Originally from Power River, Karla Welch is an internationally renowned stylist, activist, and entrepreneur based in Los Angeles. She dressed seven influential personalities for this year's red carpetEve Hewson, Sarah Paulson, Karlie Kloss, Greta Gerwig, Adwoa, Matt Damon and Luciana Barroso.

Known for her 'edgy classicist' fashion sensibility, Karla also incorporates elements of grunge, punk, and skater style inspired by her upbringing on the West Coast in the 1990s, where she spent many hours indulging in the only high-fashion television available at the time 'Fashion File' by Tim Blanks.

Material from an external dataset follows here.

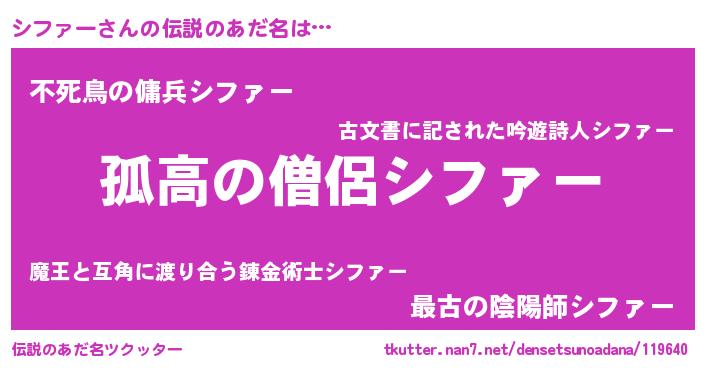 | 女子向けラノベタイトル風あだ名 | 『シファーは平凡を望む』 |

As a young woman, Karla left behind working at her father's men's wear store, moved to Vancouver, attended and then dropped out of college to become the sommelier-trained manager of the renowned Vij' s Indian restaurant on Cambie Street.

Karla's editorial work appears in Citizen K, Numéro, BlackBook, Teen Vogue, Vogue, Rolling Stone, W, Nylon, Vanity Fair, InStyle, and more. Her advertising and consulting clients include Tiffany, Forevermark, Louis Vuitton, Valentino, Gemfields, Cole Haan, Apple, M ax M ara, Nike, Adidas, and J Brand.